Loud and Clear: Voice Interfaces Form New Battleground

Smart Listening Hubs Are Taking Centre Stage


In 2013, CCS Insight predicted that user interfaces powered by speech would soon become a common way of interacting with ordinary products in the home and other environments, ultimately shifting consumers’ behaviour and their expectations of devices. For many people, voice interactions have moved from awkward to natural thanks to improvements in the accuracy of interpretation and the usefulness of voice commands.

Professor Andrew Ng, chief scientist at Chinese tech company Baidu, describes this neatly here.

The announcement of Google’s new smart hub called Home wasn’t much of a surprise at the company’s I/O developer conference last week. There had been rumours, but it was an obvious development. Amazon’s Echo device, introduced in 2015, has been establishing itself as the centre of millions of households. It doesn’t just help with shopping on Amazon — it can also take commands to stream music through a built-in speaker, and retrieve information from the Internet, responding to basic search queries.

In other words, Amazon placed a voice-activated search engine in the living room and has since launched the Echo Dot and the portable Amazon Tap as ways of extending its reach around the house. It’s clear encroachment into Google’s core business, which hopes to place its own search service into the centre of every house and eventually every room.

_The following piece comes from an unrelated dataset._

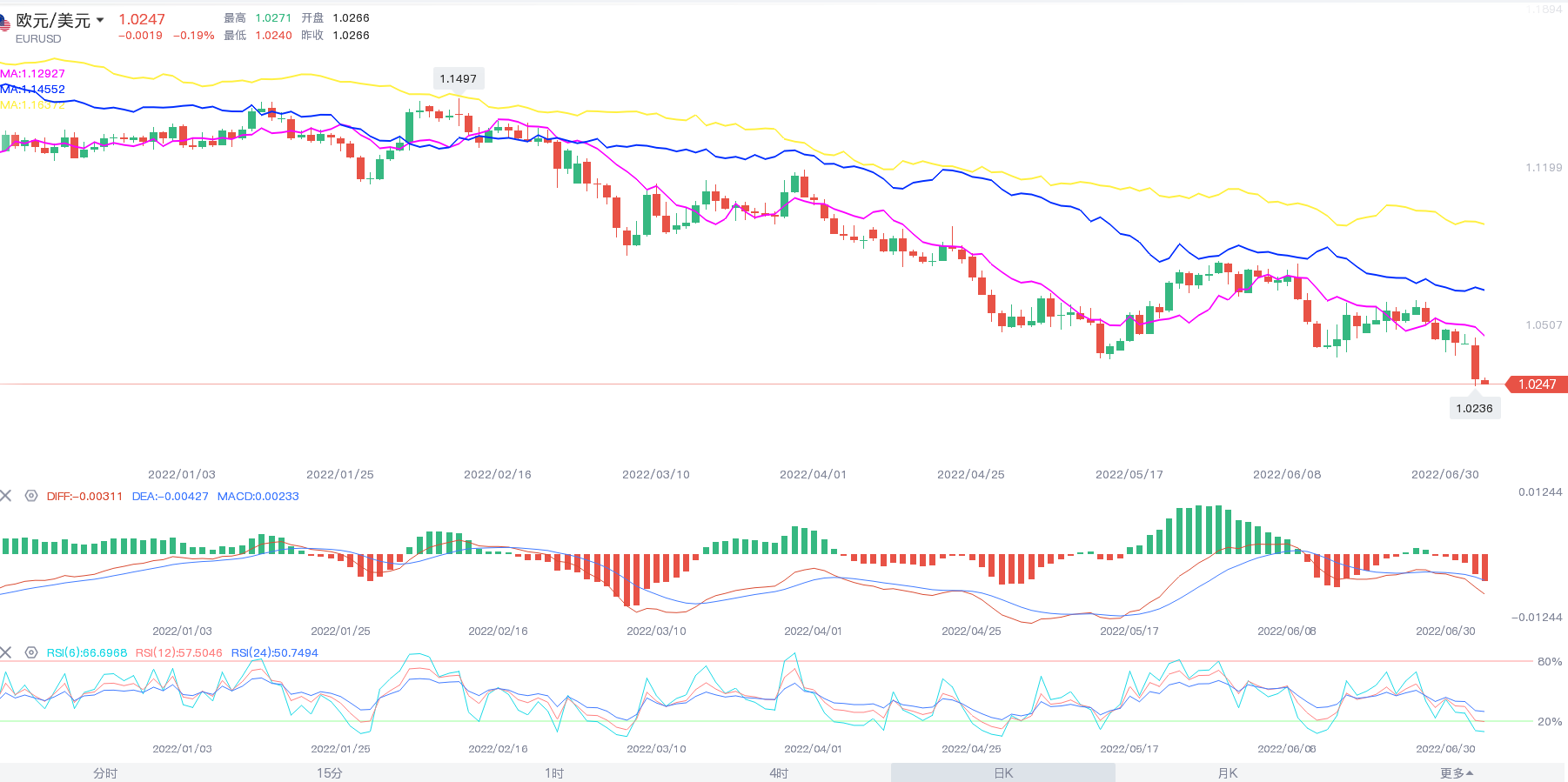 欧元/美元在2022年初在1.14附近短暂震荡之后便因美联储加息提前的预期而有所下行。2月下旬伴随7俄乌局势恶化,欧元跌破1.11附近关键支撑并下测1.08附近。进入4月以来,在美欧货币政策分化预期和俄乌局势反复所带来的避险情绪推动下,欧元继续走低并跌破1.08关键支撑。欧元的跌势持续到了5月上旬,最低点保持在1.0350附近。5月中下旬,在ECB官员们进一步释放鹰派信号以及市场对美联储加息预期维持稳定的背景下,货币政策分化逻辑有所转向,欧元也出现触底反弹迹象,一度站上了1.07。6月欧元/美元整体走低,跌逾2%,6月收报1.0481。

Those who have tried Amazon Echo know that its search can be a bit hit-or-miss. Nonetheless, it has become an essential extension in many homes, almost reaching family-member status. It can turn off the lights at night and wake the children in the morning. It’s a real utility.

Amazon has cleverly sought to expand Alexa’s skills — the artificial intelligence behind Amazon Echo — and turn it into a true platform by launching a $100 million fund to encourage developers to work with the company. The results were clear at International CES 2016, where many exhibitors had an Amazon Echo device on their stand for doing demos of their products working with a voice user interface.

We know that no matter how big the market gets, there tends to be a very limited number of platforms that it will support. Though well over a billion smartphones are sold each year, the real choice is between two operating systems. The massive number of computers and game consoles in use doesn’t translate to platform variety. This has a lot to do with the ability and willingness of developers and content providers to make their apps and content available in multiple versions.

Amazon Echo and Google Home are exposing gaps in other companies’ portfolios, so it’s not surprising to hear rumours about more hubs from big players. For example, if Apple has Siri, why doesn’t the company put that digital assistant in an attractive self-contained box that can fit into a living room?

And digital assistants are becoming a busy area that goes beyond voice. Many other players who have developed personal assistants powered by artificial intelligence are working with voice or text input linked to their messaging services. These include Baidu, Facebook, IBM, Kik, Microsoft, Nuance and Samsung, as well as open-source options. Facebook and Microsoft both launched bot frameworks at their developer conferences, and Kik has recently introduced an app store for its bots.

We’re not just in a post-PC era but approaching a post-smartphone age as well, and there are signs that people are ready to move on from a single app per device as the main form of interaction. Devices around us will listen, learn, react, assist and predict.

The utility here is clear. CCS Insight has been encouraging device makers of all types to prepare for a time when interactions are so natural that silicon and software are replaced by personality and charm, at least as far as the user is concerned. We envision this going much further than obedient ovens and dutiful washing machines. Manufacturers who are busy developing individual apps for their newly connected devices need to start looking at voice as a new way of working. Voice isn’t just the new user interface, it’s the new buttons and knobs.

Last week, a new product battleground began in earnest, although there is a more important platform battle as the bigger prize. This is a tangent point between artificial intelligence, natural user interfaces and aesthetics, all powered by connectivity to the cloud with artificial intelligence behind the scenes. We expect several players to enter this market during the coming year, though only a few have what it takes to get all the pieces together.